[Task statement] For the records shown below, return an exact copy that excludes the pictures.

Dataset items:
++++++++

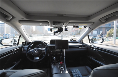 2月3日,记者体验乘坐“整车无人”自动驾驶车辆,车辆主驾、副驾均无人。新京报记者 李木易 摄
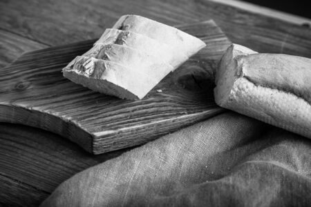 simple food ingredients concept, piece of baguette bread on cutting board with knife slicing it
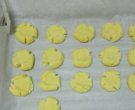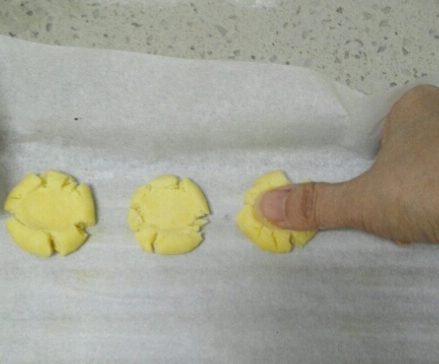 9.將小圓球放在烤盤上,用大拇指按壓,餅幹會出現自然的裂紋
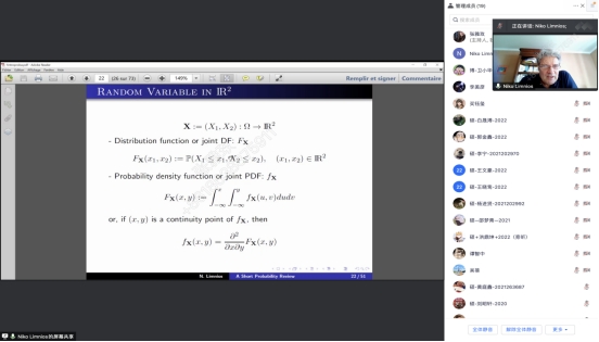2022年7月27日至8月11日,应我院吴蓓副教授邀请,法国贡比涅技术大学应用数学实验室的Nikolaos LIMNIOS教授为我校硕博研究生线上讲授了《应用随机过程》(AppliedStochastic Processes)课程,该课程总时长为32学时,吸引了我校多名师生前来聆听。
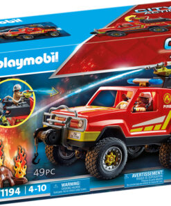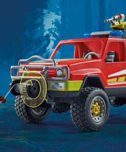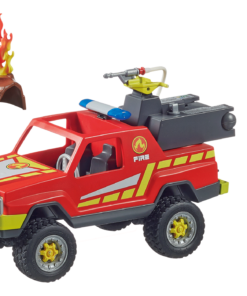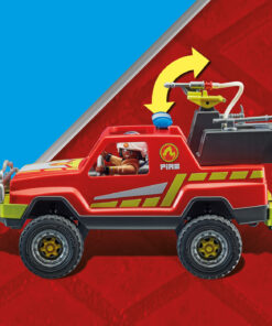 Cuando se produce un incendio, los bomberos de PLAYMOBIL acuden inmediatamente con su camión de rescate. El equipo de bomberos se prepara inmediatamente en la parte trasera del camión y se dirige a extinguir el fuego. Gracias a su equipo y experiencia, el bombero tiene el incendio bajo control en poco tiempo. El set incluye un bombero, un camión de bomberos con cabrestante y enganche de remolque, un tronco con llamas, un casco de bombero y muchos otros extras. El vehículo ofrece espacio para dos figuras. La unidad de pulverización de la parte trasera es funcional y puede girar 180°. Para el llenado, se extrae el depósito de la bomba, se llena de agua y luego se conecta a la manguera y se fija de nuevo en el soporte.
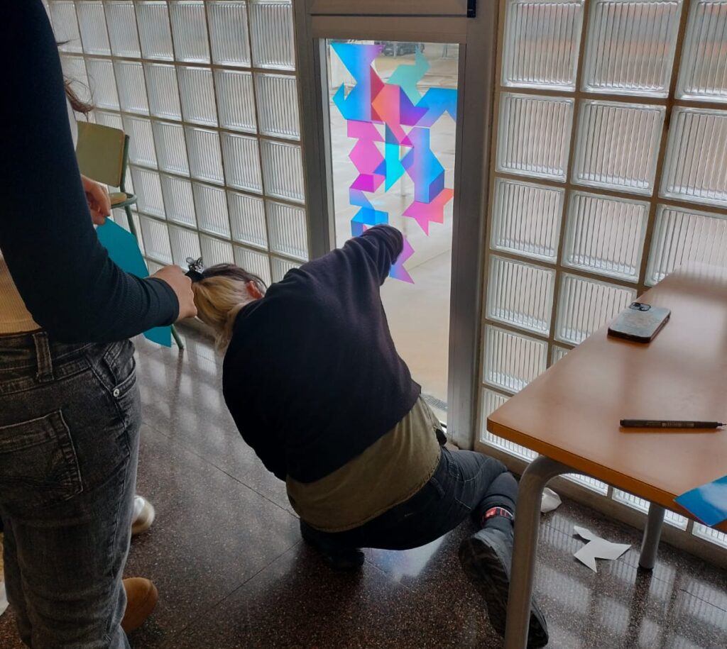 Després de donar-nos a conèixer la seva trajectòria del grafiti passant per la instal·lació fins a arribar als murals de gran format i fent una explicació de com la seva obra ha evolucionat des de l’organisme i la gestualitat fins a l’abstracció geomètrica. Hem gaudit d’una intervenció amb vinils de color en les vidrieres de l’artístic.

++++++++

[The completed task]
 2月3日,记者体验乘坐“整车无人”自动驾驶车辆,车辆主驾、副驾均无人。新京报记者 李木易 摄
 simple food ingredients concept, piece of baguette bread on cutting board with knife slicing it
 9.將小圓球放在烤盤上,用大拇指按壓,餅幹會出現自然的裂紋
2022年7月27日至8月11日,应我院吴蓓副教授邀请,法国贡比涅技术大学应用数学实验室的Nikolaos LIMNIOS教授为我校硕博研究生线上讲授了《应用随机过程》(AppliedStochastic Processes)课程,该课程总时长为32学时,吸引了我校多名师生前来聆听。
 Cuando se produce un incendio, los bomberos de PLAYMOBIL acuden inmediatamente con su camión de rescate. El equipo de bomberos se prepara inmediatamente en la parte trasera del camión y se dirige a extinguir el fuego. Gracias a su equipo y experiencia, el bombero tiene el incendio bajo control en poco tiempo. El set incluye un bombero, un camión de bomberos con cabrestante y enganche de remolque, un tronco con llamas, un casco de bombero y muchos otros extras. El vehículo ofrece espacio para dos figuras. La unidad de pulverización de la parte trasera es funcional y puede girar 180°. Para el llenado, se extrae el depósito de la bomba, se llena de agua y luego se conecta a la manguera y se fija de nuevo en el soporte.
 Després de donar-nos a conèixer la seva trajectòria del grafiti passant per la instal·lació fins a arribar als murals de gran format i fent una explicació de com la seva obra ha evolucionat des de l’organisme i la gestualitat fins a l’abstracció geomètrica. Hem gaudit d’una intervenció amb vinils de color en les vidrieres de l’artístic.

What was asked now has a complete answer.